I recently finished my second month working in the field of utilization management (UM). The learning curve is steep! Thorough training and a supportive team have made for a smooth transition. Moving from direct patient care to the payor side has been eye opening. Here are 5 insights I wanted to share from my experience to date.
Providers may be unaware that peer to peer calls are scheduled.
When there is a concern about whether or not a patient continues to meet medical necessity for ongoing psychiatric admission, a name and date/times will be forwarded to me to reach out to the MD/NP/PA caring for the patient to have a discussion regarding their care. This information is provided from the utilization management contact at the hospital/facility. It is not uncommon that the provider does not know that a call was scheduled. This means that I have reached people on their day off, when they are driving, or (yikes) before they have risen for the day. This can make for an uncomfortable and unproductive interaction.
There are 60 lifetime reserve days for Medicare patients. Once they are used. That's it.
A person with original Medicare gets 90 days each benefit period they can use to cover inpatient hospitalizations. There are an additional 60 days that can be used only once. Why is this so pertinent to behavioral health?
Some with severe mental illness lack insight and are non-adherent with medications and treatment. Substance abuse tends to occur in cyclical patterns. This may lead to repeated admissions, often in the same benefit period. There are many barriers to identifying safe and appropriate housing and treatment programs for individuals with mental health and substance use disorders. What I have observed is that inpatient facilities will retain a stable patient in the hospital while they seek housing or a treatment program. A best case scenario is typically for a patient to leave the hospital and go directly to rehab, a nursing home, etc.
Yet, it is important to consider future needs of an individual and the fiscal implications of keeping stable patients on an inpatient unit for weeks (or months) at a time while an "ideal" placement is sought. It may be more prudent to consider a transitional housing situation and continuing a placement search outside of the hospital.
Many physicians/LIPs providing care on inpatient units do not know the criteria used to determine medical necessity for admission and continued stay.
As a physician who spent the majority of my career working for the federal government (in the outpatient setting), I will admit I was only superficially familiar with MCG criteria before I started my UM position. I had never heard of local coverage determination (LCD), which I now use daily. The business of medicine is so vital; exposure to this information should start in residency training. When my counterparts do not know the basis for case determinations it is as if we are speaking two different languages --- and it is not surprising that frustration and misunderstandings frequently occur.
I still use clinical skills daily.
Transitioning from direct patient care, I worried about losing my clinical knowledge base moving to a UM position. While I am sure I will eventually get rusty in the patient interaction arena, I use my clinical knowledge daily when performing chart reviews and determining medical necessity. Some times I will have a patient referred for review who has been in the hospital for an extended period, is not improving, and having no (or very few) medication adjustments. I may encounter a case in which an individual is having medication side effects or medical complications that have to be factored into determining criteria for a length of stay. I have read more about ECT and catatonia in the last two months (than I have in the prior 4-5 years)! It has been nice to have confirmation that my clinical knowledge base will be intact in my current role
There is variation in standard of care practices. Surprisingly so.

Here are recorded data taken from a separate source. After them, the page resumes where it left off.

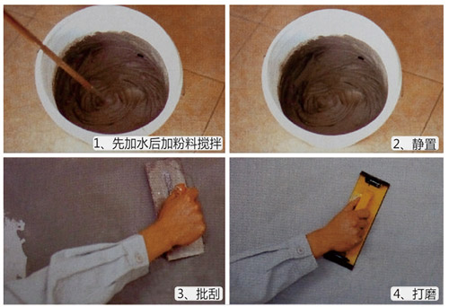 施工 | 先在容器中加入清水,按比例加入膩子粉料;使用電動攪拌機攪拌,混合比例﹙粉料:水﹦25:8.5﹚;充分攪拌5-10分鐘至均勻,沒有顆粒,靜置3-5分鐘,再攪拌一次即可使用;通常膩子批刮建議采用抹刀進行施工,已獲得細膩平整的表面 |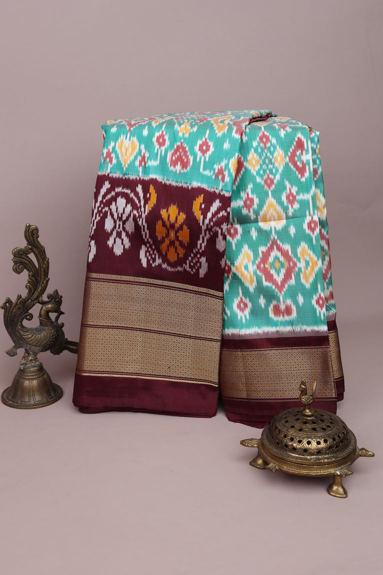 Ikat Silk Sea Green Saree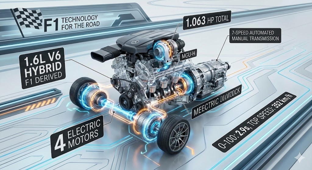 - Mesin: 1.6L V6 Turbo Hybrid (turunan langsung dari mesin F1 Mercedes)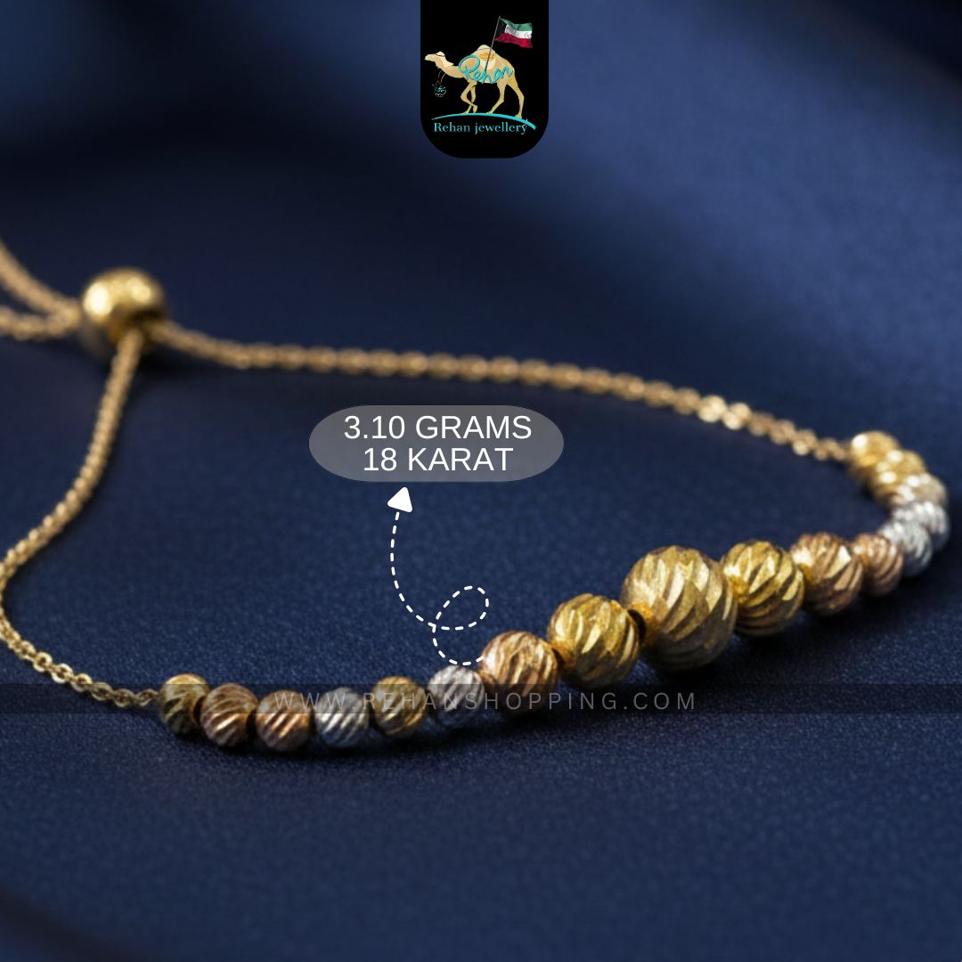 Add a touch of elegance to your everyday style with this stunning 18K Gold Beaded Adjustable Bracelet, weighing 3.10 grams. Designed with a sequence of multi-tone textured gold beads in yellow, white, and rose gold finish, this bracelet is both versatile and fashionable. The adjustable clasp ensures a perfect fit for any wrist, making it an ideal accessory for daily wear or gifting.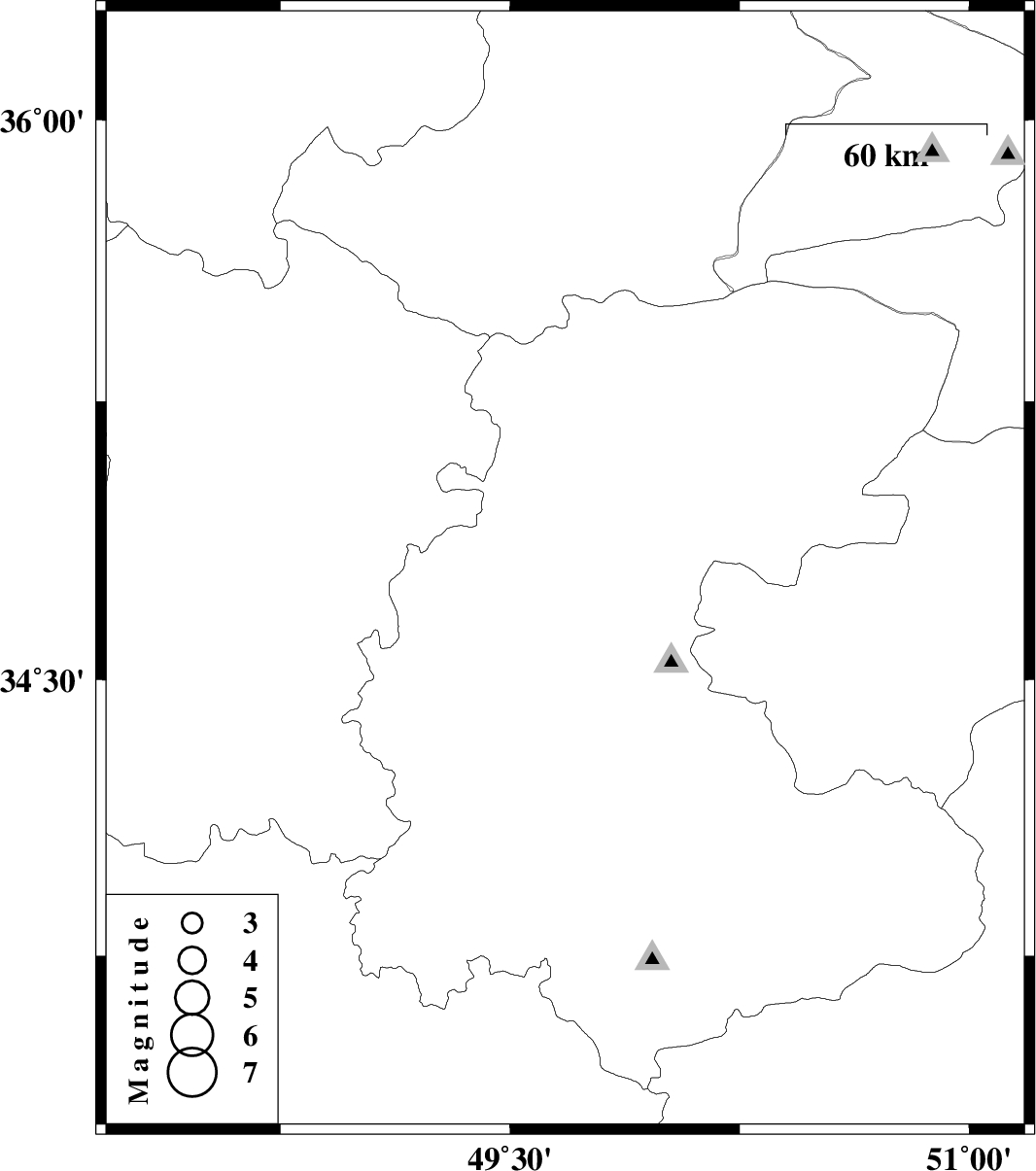 | 2009/05/15 | 03:08:11.6 | 07:38:11.6 | 34.79 | 49.68 | 46 | ML:2.8 | 33 km West of Tafresh, Markazi Province |

I have worked cases from throughout the country and it has been interesting to observe the varied standard of care practices throughout states and communities. One sobering take home is how under funded and resourced the mental health system is in the state in which I reside. I have seen more clearer how legal statues in my state are lacking when it comes to facilitating care for individuals who are imminent dangers to themselves/others (or gravely disabled) . During my time in clinical medicine, I sent only the most severe patients for admission. Typically hospitals were on diversion, a patient may not having insurance, or there was no access to what was needed (inpatient detox for example).
Some areas of the country are well resourced. The fact that I am accustomed to managing a condition in the outpatient setting (does not mean that is the best means of doing so). Likewise, I would not keep someone in the hospital for 3 day give melatonin for sleep. Decisions have to be prudent all the way around.
I remain positive about my decision to transition from direct patient care and am looking forward to continuing to grow professionally in my new role.